A major problem with the default postfix install is that any user can send email as any user (even if it’s not your domain!)
The solution is very simple.
Edit /etc/main.cf and add
smtpd_delay_reject = yes
smtpd_helo_required = yessmtpd_sender_restrictions=check_sender_access,hash:/etc/postfix/domains,
reject_unauth_destination,reject_sender_login_mismatch
Make sure you don’t add ‘permit_mynetworks’ here, or local users (or webmail users) will be able to forge their email.

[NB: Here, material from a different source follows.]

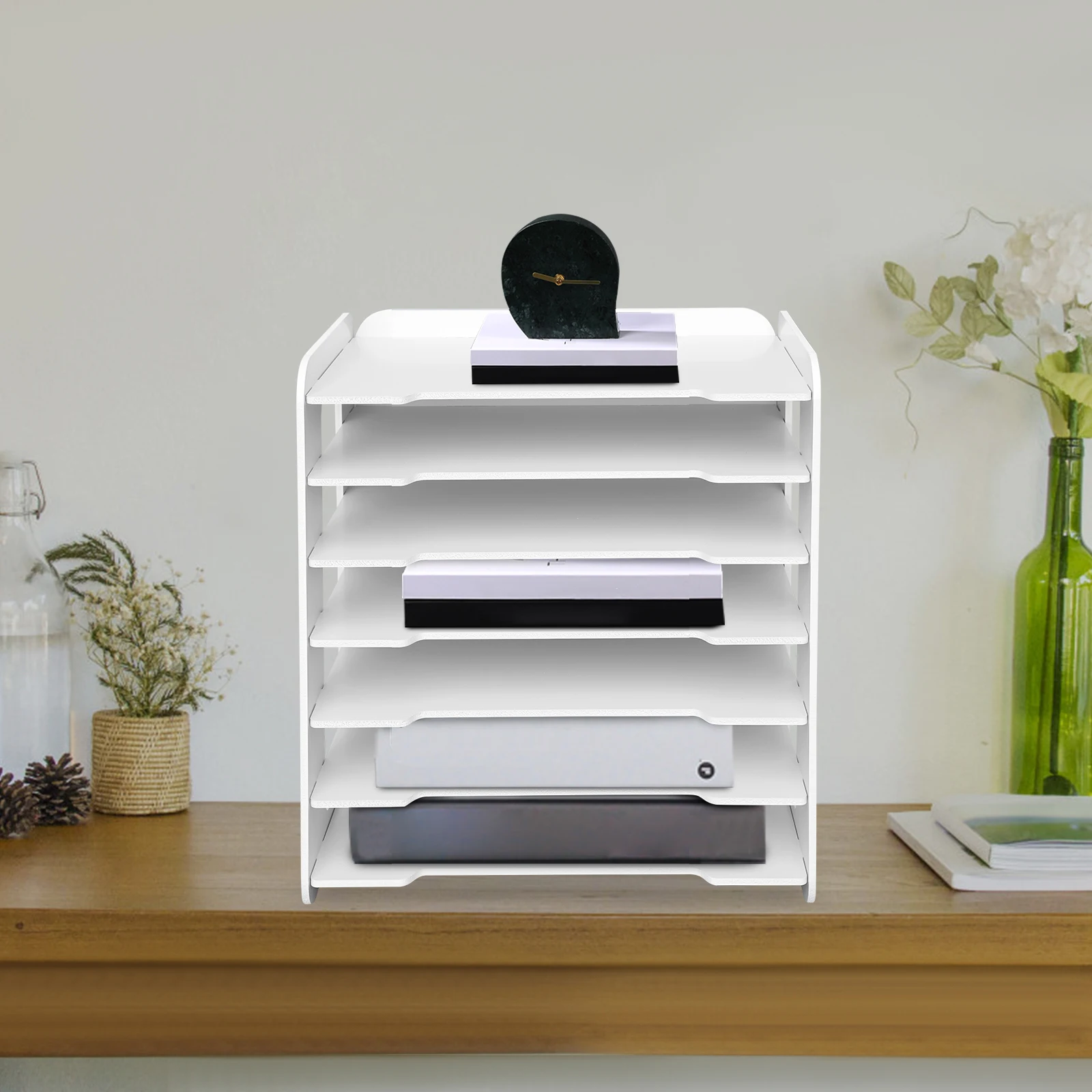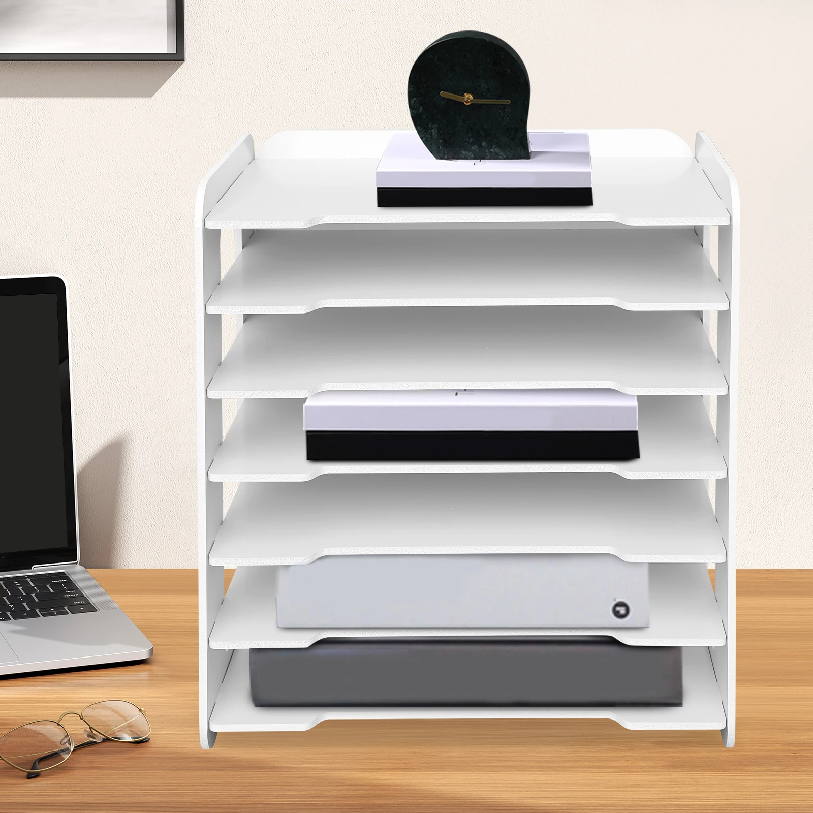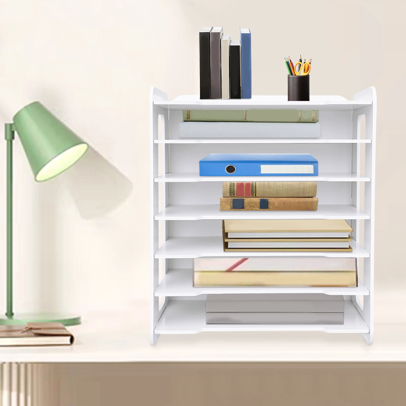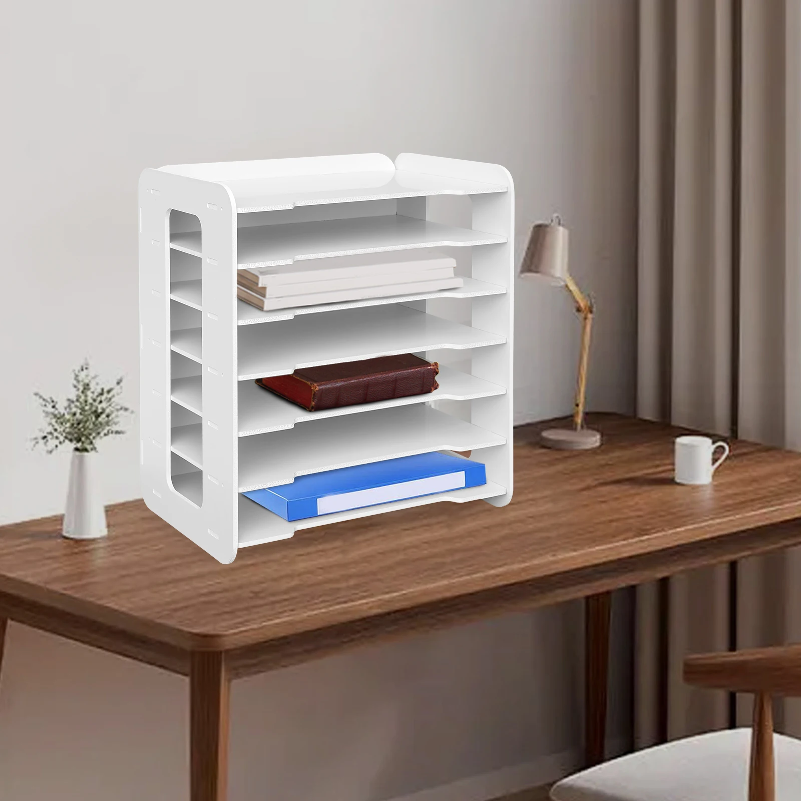 7‑stufiges PVC‑Dokumentenregal – Weißer Büro‑Desktop‑Organizer

In /etc/postfix/domains, add
your.domain OK
other.domain OK
and run
postmap /etc/postfix/domains
postfix reload
You might also want to try to help stop spam (along with spamassassin) with blacklists and stopping bad senders.
In /etc/postfix/main.cf
smtpd_recipient_restrictions=permit_mynetworks,reject_unauth_destination,
reject_invalid_hostname,reject_non_fqdn_recipient,reject_unknown_recipient_domain,reject_rbl_client list.dsbl.org,reject_rbl_client sbl.spamhaus.org,reject_rbl_client cbl.abuseat.org,reject_rbl_client dul.dnsbl.sorbs.net,permit
I have mixed feelings about blacklists; my website has shown up on them from time to time after all. Still, if you’re willing to get a few false positives then this should help stop quite a bit of spam.